THE BASIC DISTRIBUTION of the world's wealth has changed little in the recent decades of rapid growth. In 1977,as in 1947, some 80 per cent of trade and investments 93 per cent of industry and almost 100 per cent of research, services, insurance banking facilities are controlled by the market and planned economies of "The North" (with Australasia and South Afric as wealthy "Southern appendages"). Yet the population of affluent lands is only 26 per cent, and declining as a percentage of the planet's peoples.

In any modern society, such a tremendous skew in wealth would be in some measure redressed by a progressive income tax. Steady and automatic transfer of resources would occur between the well-to-do and their poorer neighbors. But the planet, shrunk though it may be by science and communincations and the annihilation of space to little more than a global township, has no such mechanisms of transfer to even out the world's extraordinary discrepancies in wealth and opportunity. True, the developed nations are committed in theory to alloting 0.7 per cent of their gross national products to aid. but the average figure is under 0.35 per cent, and for some of the richest, lower still. There is not a smell of "automaticity" here.

Nor can there be when the decision to five aid is essentially a unilateral state decision, akin to philantropy, not to the internal revenue system. And just because it is voluntary and therefore in a measure arbitrary, there has long been discussion of whether a genuine system of international taxation should not be instituted, and become a fundamental expression of mutual obligation at the planetary level.

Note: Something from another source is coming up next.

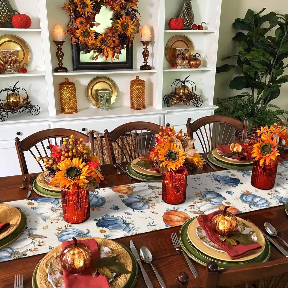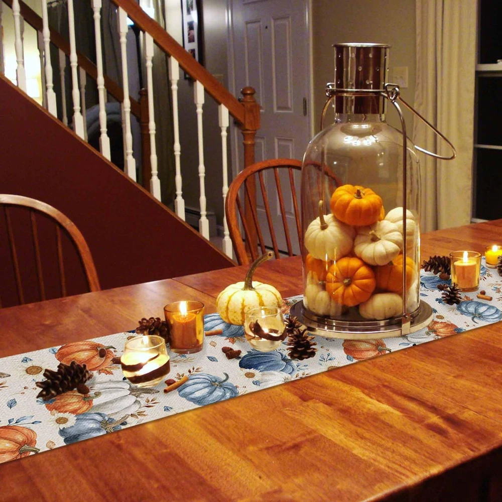 ⌂MEASUREMENT- Our washable table runner for countertop measures 13x36inches (about 33x91cm). The durable table cover is available in a variety of sizes and is suitable for most square/rectangular tables, round tables, dressers, dining table, coffee table, bedside table, shoe cabinets, TV standing etc, creating a wonderful table setting, which is the perfect addition to any home. ⌂MATERIAL- The dining table runners are made of linen cotton blended polyester fabric with triangle brims, the edges of the tablecloth are all stitched, soft and durable, which will last for years to come. The cotton and linen fabric has certain no-slip properties, making it more convenient to use. The waterproof features makes it not easy to get dirty, spilled drinks will not penetrate the table through the table flag. ⌂APPLICABLE- Our elegant dresser scarves are made with modern HD printing technology, with bright and vibrant Autumn Thanksgiving Day Orange Blue White Pumpkin, Blossoming Watercolor Flower with Leaves, Fall Harvest on Burlap Linen patterns that won't fade after long use, suitable for daily use in all seasons, also perfect for table decoration on holiday party, wedding, family dinner, birthday party, graduation, holiday celebration, thanksgiving, Christmas, New Year, Valentine's Day, etc. ⌂FUNCTION- A practical dining table scarf can create the perfect setting for your home decor. Its exquisite patterns can add a touch of elegance and energy to your table, create a new look to your tabletop, instantly transforming it into a focal point. Whether you're hosting a special celebration or enjoying your daily meal like BBQs, picnic or family gathering, our table runner will enhance the ambiance and make every meal a pleasant experience. ⌂EASY CARE- Machine washable at low temperature or cold water. However, hand washing is recommended to ensure its longevity. Please do not add blench. It is foldable and easy to store, allowing you to reuse it for multiple occasions. With its durable and reusable nature, it's a practical and eco-friendly choice for your dining table.

Yet "between the idea and the reality falls the shadow" - and in this case the shadow is some 30 years long. It is sobering thought that it was Trygve Lie, the first secretary general of the United Nations, who set up a coordinating committee to consider international taxation. It was only this September, at the U.N. Conference on Desertification in Nairobi, that the principle of automatic transfers was approved by governments for the very first time. Dr. Mostafa Tolba, Egyptian secretary general of the conference, suggested a 0.1 per cent value added tax on oil, phosphates and other desert minerals as a means of financing worldwide action against desert growth. At the end of the yea the U.N. General Assembly in New York will be asked to endorse this taxation principle for deserts.

STILL, IF WE ADMIT the importance of a clearly established principle, the next task is to work out its practical implications. The urgent questions appear to be threefold: What should be internationally taxed? To what uses should the resulting revenue be put? And who should administer the new taxation system? All three questions, it need hardly be said, present formidable difficulties.

First, then, what should be taxed. Oil is a candidate for many, since it enters into so vast a range of transactions. But with whole subcontinents like India barely able to pay their oils bills now, does a further rise in cost make sense? A similar difficulty arises if a small percentage is charged on a wider variety of goods and services entering international trade. Would not the result be wholly regressive? So, too, might be tolls on the use of straits, airports and harbors. It is easier perhaps to agree on taxes imposed on the world's few remaining "commons" - the deep seabed, Antarctic, ships deteced causing pollution at sea. But again, the poorest would find it hardes to pay, whether for Pacific nodules or Antarctic krill, and surely no sane tax should be based on pollution unless its aim is to wipe pollution out - in which case, the tax vanished as well.

But perhaps a way forward can be found by leaving the precise field of taxation - save to agree that it must enter international transactions - and concentrate on the second question: for what purpose? If the entire revenue were earmrked for those nations with a per capita income of less than, say, $200 a year, and were scrupulously directed to their basic needs - in food, sanitation, health, education and employment - then their tax contribution would be much more than offset by the benefits, and the tax would automatically become less regressive. The clue may thus be the use made of the revenues and their clear dedication to the word's poorest communities.

And this brings us to the last problem: administration. The chances of the rich nations in their present mood of suspicion and stagflation handing over revenues, say, to a special account under the U.N. General Assembly are slight indeed. The idea would be dismissed as a global "boondoggle" even by those who comfortably swallow $375 billion spent each year on arms. But there might be a possibility of combining the known rigor and rectitude of say, the World Bank will full representation of the poorer peoples by reforming the governing body of the bank's soft loan agency, the International Development Association, and making it a kind of coordinator, possibly in a working alliance with the regional development banks (the African Development Bank, Asian Development Bank, Arab Bank for African Development, Caribbean Development Bank, Inter-American Development Bank and the European Development Fund). In some such way, the rich call for "responsibility" and the poor call for "representation" might be equally met.

One thing, however, is certain. No nation has even halfway peacefully entered the modern world without a progressive income tax. We have no reason to suppose our small planet is any other condition. Automatic transfers must come. Otherwise we live on in an order of privilege and patronage. Such orders, as we know from history, simply do not last.